▸ **INFORMATION GIVEN**:
━━━━━━━━━━━━━━━━━━━━
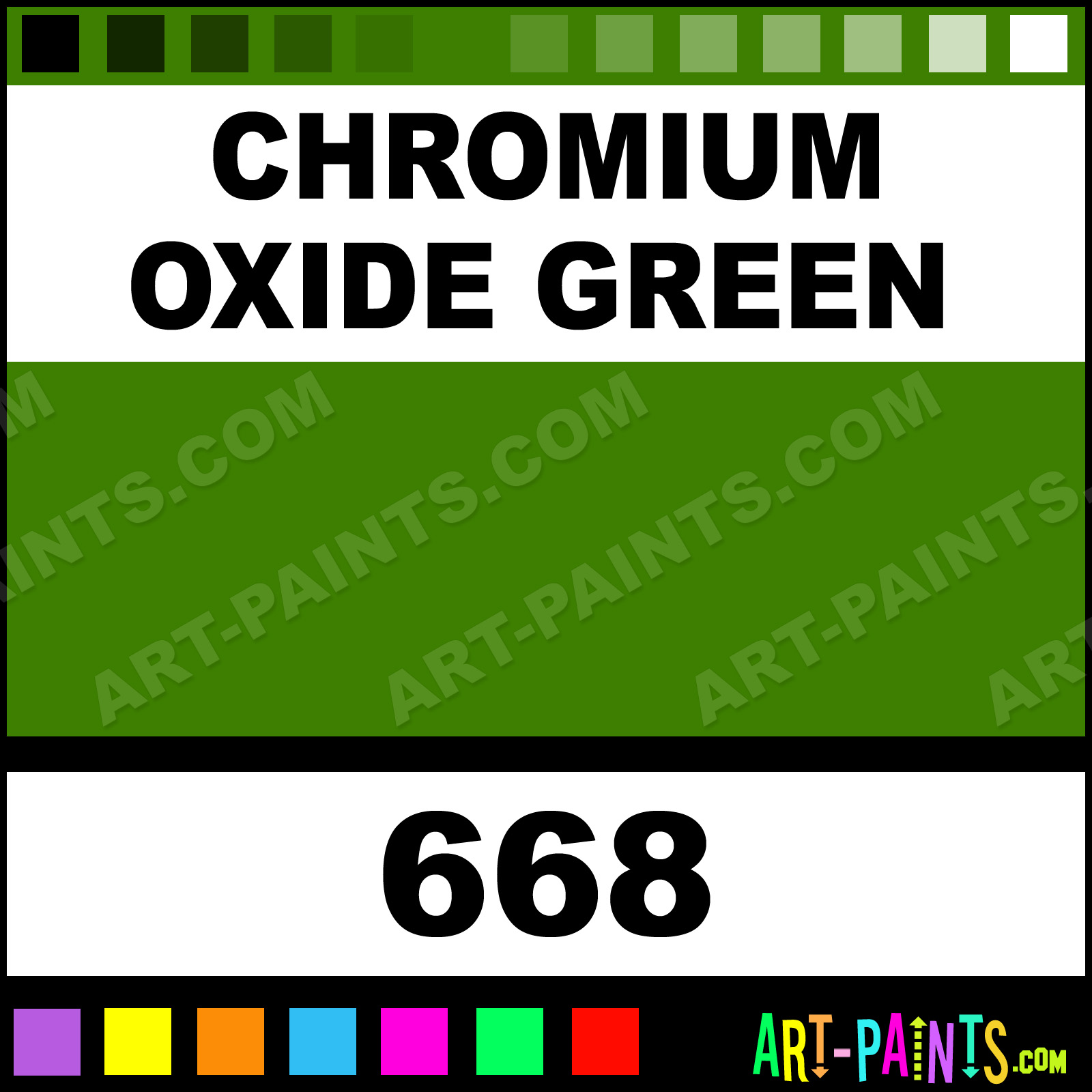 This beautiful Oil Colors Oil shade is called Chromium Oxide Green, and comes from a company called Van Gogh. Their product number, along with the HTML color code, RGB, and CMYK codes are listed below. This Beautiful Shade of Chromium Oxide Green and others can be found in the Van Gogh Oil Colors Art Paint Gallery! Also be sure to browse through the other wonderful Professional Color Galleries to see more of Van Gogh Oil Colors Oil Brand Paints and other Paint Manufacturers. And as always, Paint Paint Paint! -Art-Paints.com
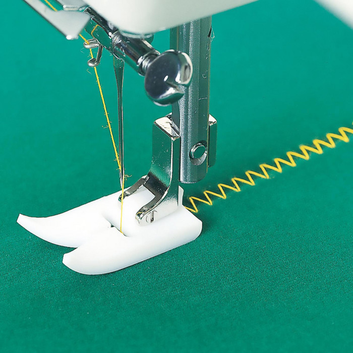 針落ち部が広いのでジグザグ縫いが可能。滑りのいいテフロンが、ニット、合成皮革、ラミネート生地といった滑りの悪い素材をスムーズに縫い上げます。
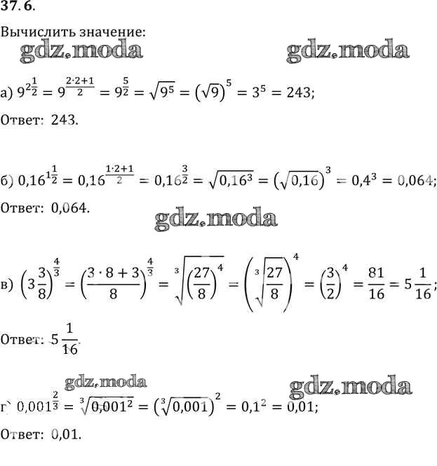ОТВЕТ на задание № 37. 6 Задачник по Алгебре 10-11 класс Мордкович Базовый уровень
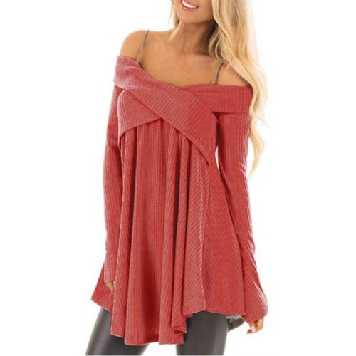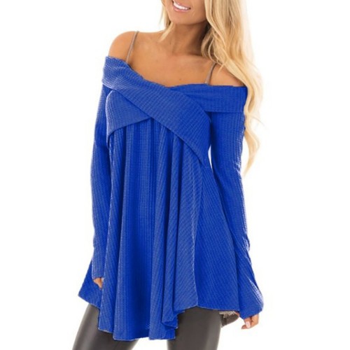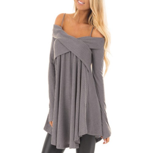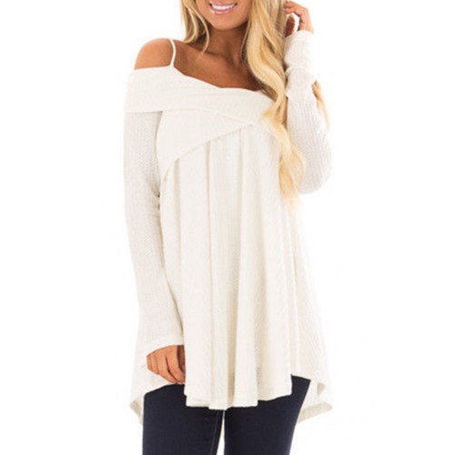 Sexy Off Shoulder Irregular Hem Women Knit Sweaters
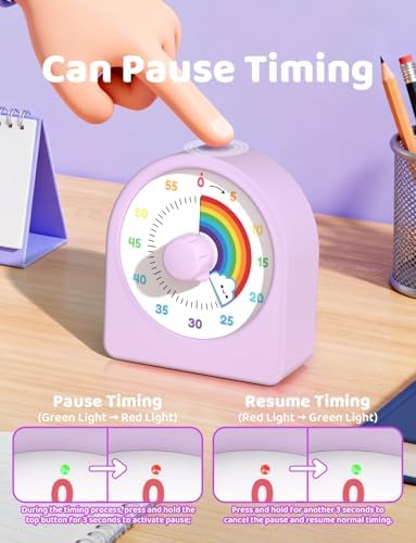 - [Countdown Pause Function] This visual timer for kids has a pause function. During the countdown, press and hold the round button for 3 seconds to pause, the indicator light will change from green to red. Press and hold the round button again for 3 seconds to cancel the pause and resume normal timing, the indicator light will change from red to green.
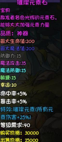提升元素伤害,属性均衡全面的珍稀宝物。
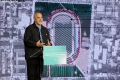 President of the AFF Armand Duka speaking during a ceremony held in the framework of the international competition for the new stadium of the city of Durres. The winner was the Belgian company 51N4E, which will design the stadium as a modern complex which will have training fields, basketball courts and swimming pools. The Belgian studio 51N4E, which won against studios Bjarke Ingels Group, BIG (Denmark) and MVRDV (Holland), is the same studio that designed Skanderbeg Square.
━━━━━━━━━━━━━━━━━━━━
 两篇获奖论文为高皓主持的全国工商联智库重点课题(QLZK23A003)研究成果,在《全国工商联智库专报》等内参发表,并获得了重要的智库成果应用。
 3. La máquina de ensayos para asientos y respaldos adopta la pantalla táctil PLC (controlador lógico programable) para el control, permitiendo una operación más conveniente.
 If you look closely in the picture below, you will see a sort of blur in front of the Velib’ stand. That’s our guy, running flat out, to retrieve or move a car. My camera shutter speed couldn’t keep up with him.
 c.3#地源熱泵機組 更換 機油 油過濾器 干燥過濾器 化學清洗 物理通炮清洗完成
━━━━━━━━━━━━━━━━━━━━
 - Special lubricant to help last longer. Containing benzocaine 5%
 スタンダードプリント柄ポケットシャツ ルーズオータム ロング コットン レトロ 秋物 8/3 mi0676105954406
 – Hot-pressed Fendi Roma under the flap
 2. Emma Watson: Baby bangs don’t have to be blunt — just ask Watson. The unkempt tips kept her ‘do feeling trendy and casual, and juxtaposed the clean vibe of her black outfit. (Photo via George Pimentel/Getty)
━━━━━━━━━━━━━━━━━━━━
▸ **EXERCISE INSTRUCTIONS**: Both boundary lines included, write out word for word only the lines above from the one containing "ОТВЕТ на задание" to the one containing "提升元素伤害,属性均衡全面的珍稀宝物。", leaving out any pictures.

▸ **RESPONSE FOR THIS EXERCISE**:
ОТВЕТ на задание № 37. 6 Задачник по Алгебре 10-11 класс Мордкович Базовый уровень
 Sexy Off Shoulder Irregular Hem Women Knit Sweaters
 - [Countdown Pause Function] This visual timer for kids has a pause function. During the countdown, press and hold the round button for 3 seconds to pause, the indicator light will change from green to red. Press and hold the round button again for 3 seconds to cancel the pause and resume normal timing, the indicator light will change from red to green.
提升元素伤害,属性均衡全面的珍稀宝物。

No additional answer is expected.